Displaying an extraordinary ignorance of 4th Amendment law the New York Times had this to say about a perfectly reasonable decison under the exclusionary rule. I'm just a little surprised the majority wasn't larger.

http://www.nytimes.com/2009/01/16/opinion/16fri2.html?_r=1&partner=permalink&exprod=permalink

It seems the dissent's arguments can be taken care of by way of civil suits against the police for sloppy record-keeping----but only by innocent persons wrongly arrested!!
JAS

[This message was edited by JAS on 01-16-09 at .]

[This message was edited by JAS on 01-16-09 at .]
January 16, 2009, 08:37
JB
Well, would this matter under the Texas exclusionary rule?
January 16, 2009, 08:52
JAS
Oh Texas has always provided additional protections, e.g., accomplice witness rule, recording oral confessions, no inevitable discovery, and, of course, art 38.23. We are only talking about the floor of the 4th Amendment. While I don't favor sloppy police work, these were different departments in different counties.

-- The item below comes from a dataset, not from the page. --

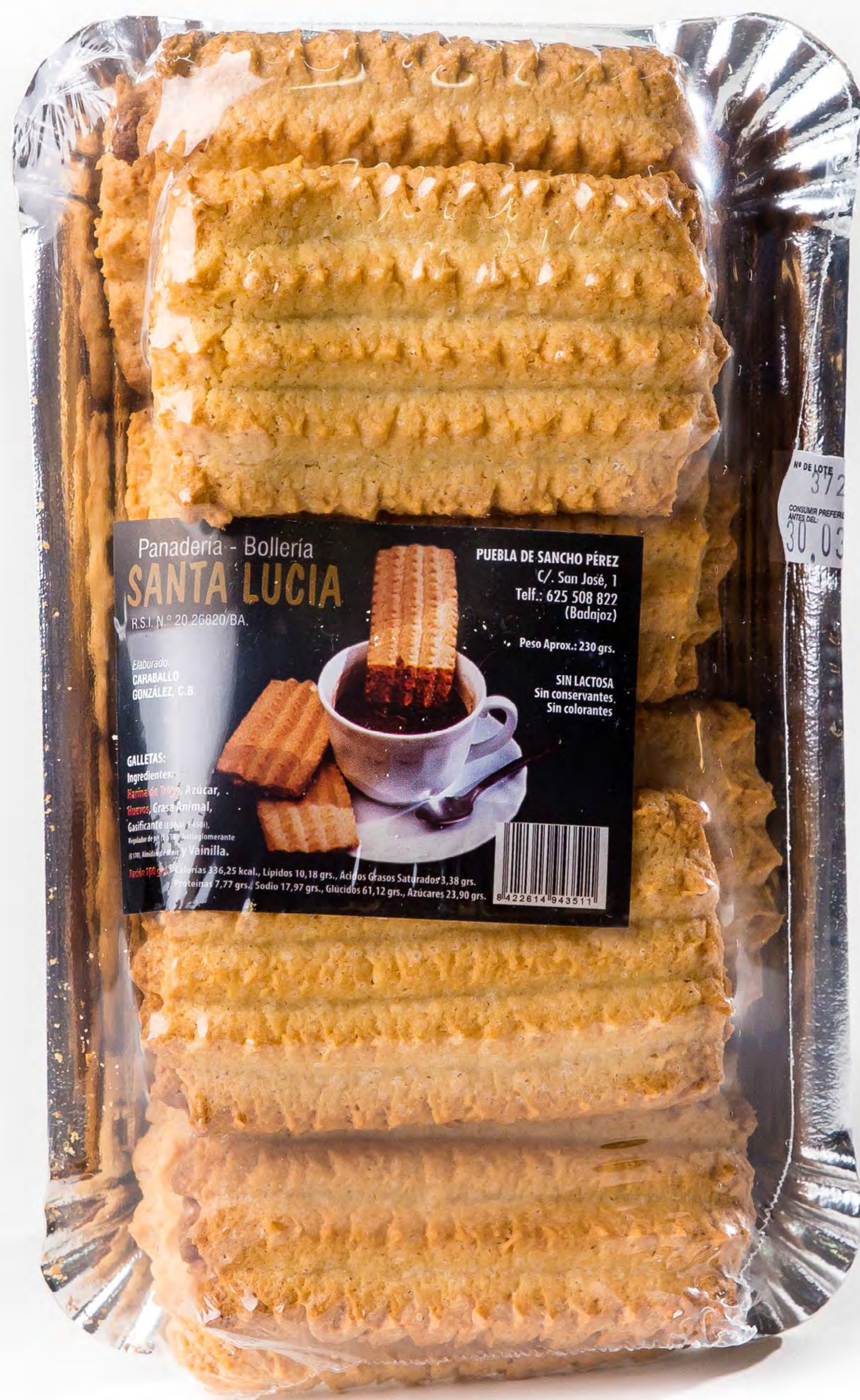
Cod. 252001 Rizadas Santa Lucia 12 uds/caja

How does excluding evidence from County A deter County B from carelessness?

JAS

[This message was edited by JAS on 01-16-09 at .]
January 16, 2009, 09:23
David Newell
I believe there was a case out of San Antonio (White v. State, 989 S.W.2d 108) that applied Leon to the good faith exception found in 38.23 in the case of a recalled warrant. They said it was okay because they didn't find a meaningful distinction between clerical errors on the part of clerks and clerical errors on the part of the police. Oddly, few have cited to the case, but it now seems fairly precient.

Doesn't change the fact that you still have to introduce the recalled warrant, though.